*Data supplied*.
+--

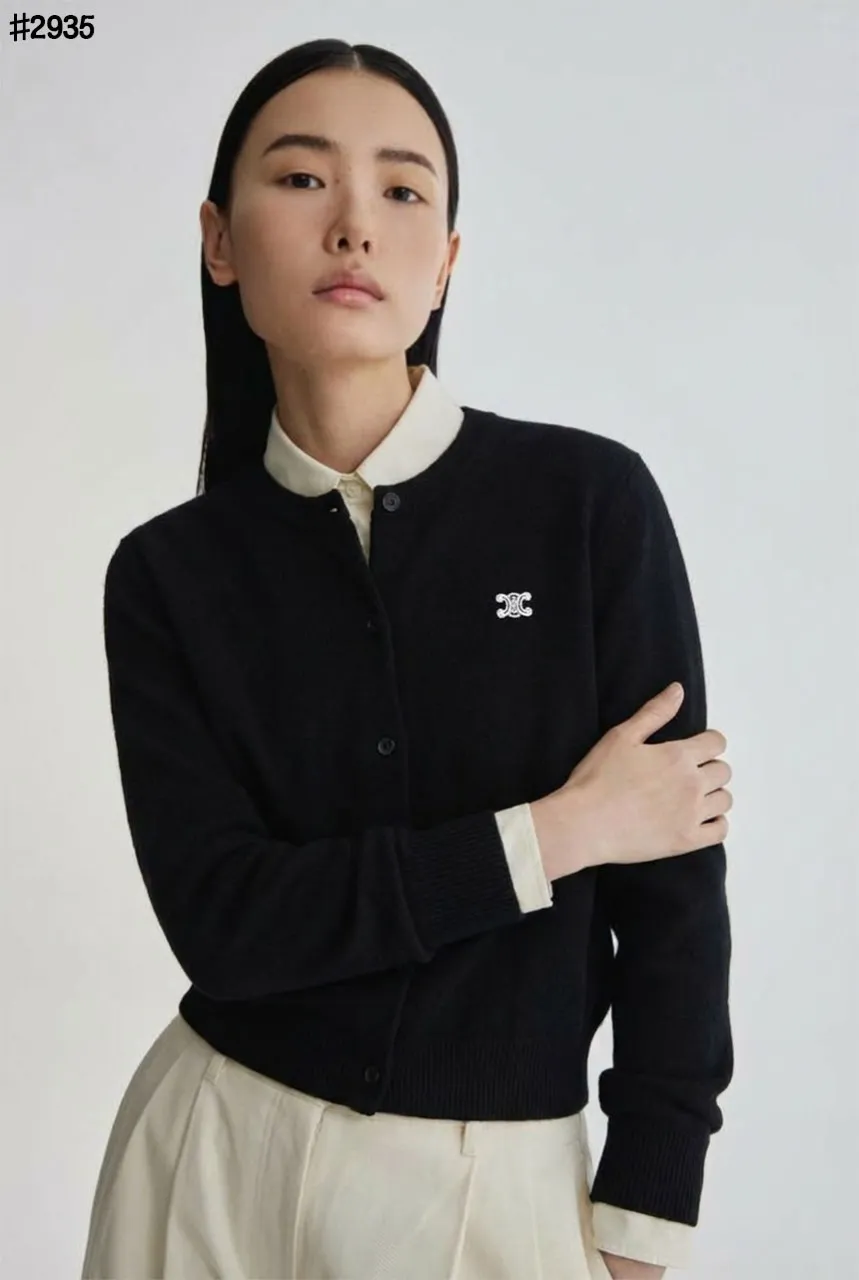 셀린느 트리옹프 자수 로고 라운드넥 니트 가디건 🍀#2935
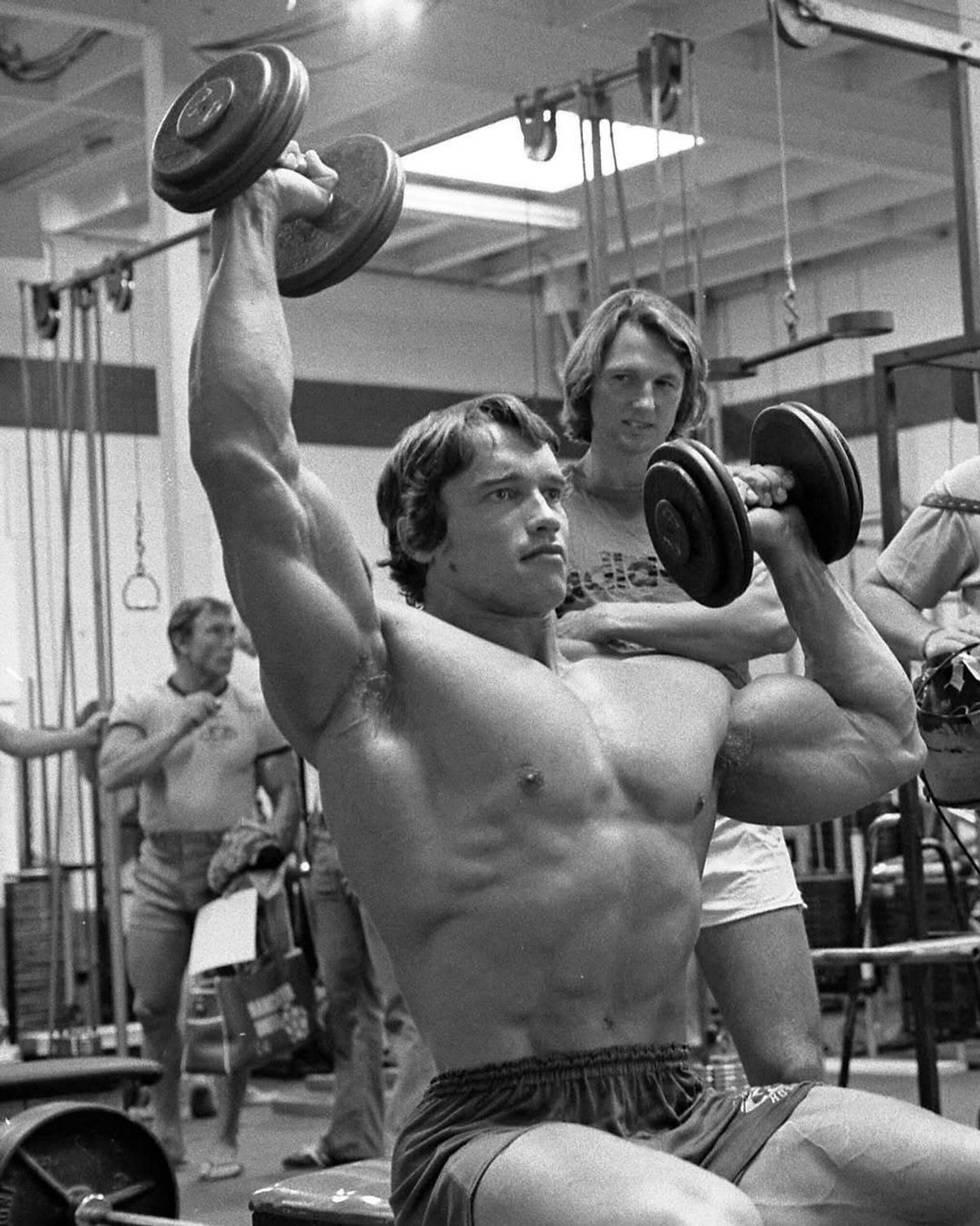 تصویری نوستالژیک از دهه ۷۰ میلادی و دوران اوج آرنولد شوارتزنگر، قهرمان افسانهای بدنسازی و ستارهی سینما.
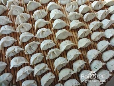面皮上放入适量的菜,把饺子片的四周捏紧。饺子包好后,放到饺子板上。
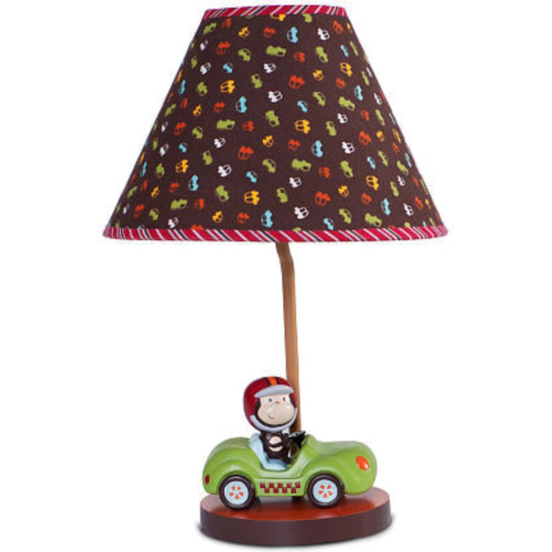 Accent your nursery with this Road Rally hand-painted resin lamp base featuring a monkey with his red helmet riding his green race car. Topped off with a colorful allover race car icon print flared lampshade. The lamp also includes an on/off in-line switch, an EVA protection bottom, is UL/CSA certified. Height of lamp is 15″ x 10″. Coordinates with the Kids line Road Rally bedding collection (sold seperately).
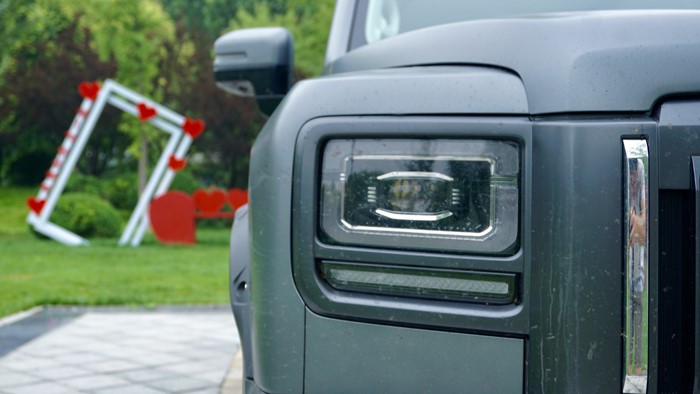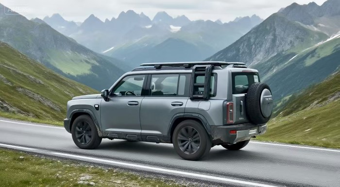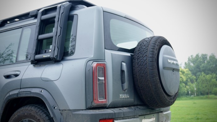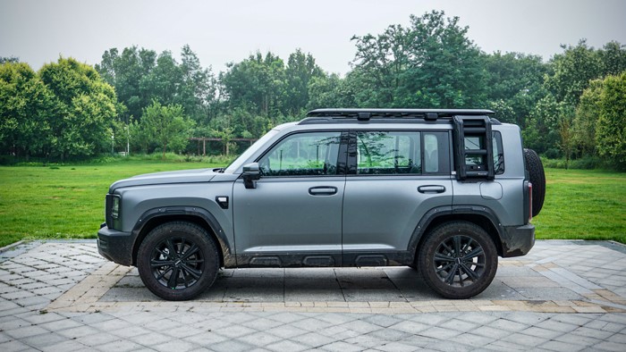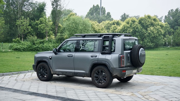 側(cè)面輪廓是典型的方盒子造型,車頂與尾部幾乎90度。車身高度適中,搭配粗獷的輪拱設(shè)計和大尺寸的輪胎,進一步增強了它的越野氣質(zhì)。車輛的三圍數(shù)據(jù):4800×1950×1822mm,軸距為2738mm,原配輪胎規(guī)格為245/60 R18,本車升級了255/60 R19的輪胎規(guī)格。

+--

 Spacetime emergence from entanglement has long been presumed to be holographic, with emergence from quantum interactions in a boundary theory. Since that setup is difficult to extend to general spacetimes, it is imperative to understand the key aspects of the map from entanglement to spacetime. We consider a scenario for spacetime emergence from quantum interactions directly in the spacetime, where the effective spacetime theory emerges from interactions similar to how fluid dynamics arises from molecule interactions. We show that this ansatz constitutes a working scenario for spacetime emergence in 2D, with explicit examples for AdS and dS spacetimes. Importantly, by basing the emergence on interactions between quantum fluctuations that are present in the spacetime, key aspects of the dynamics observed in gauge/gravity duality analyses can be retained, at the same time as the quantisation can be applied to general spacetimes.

+--

*Work required*. Copy only these lines from the records above, exactly: the one with "셀린느 트리옹프 자수 로고 라운드넥 니트 가디건 🍀#2935", the one with "面皮上放入适量的菜,把饺子片的四周捏紧。饺子包好后,放到饺子板上。", and those between. Skip the pictures.

*Solution for this task*.
 셀린느 트리옹프 자수 로고 라운드넥 니트 가디건 🍀#2935
 تصویری نوستالژیک از دهه ۷۰ میلادی و دوران اوج آرنولد شوارتزنگر، قهرمان افسانهای بدنسازی و ستارهی سینما.
面皮上放入适量的菜,把饺子片的四周捏紧。饺子包好后,放到饺子板上。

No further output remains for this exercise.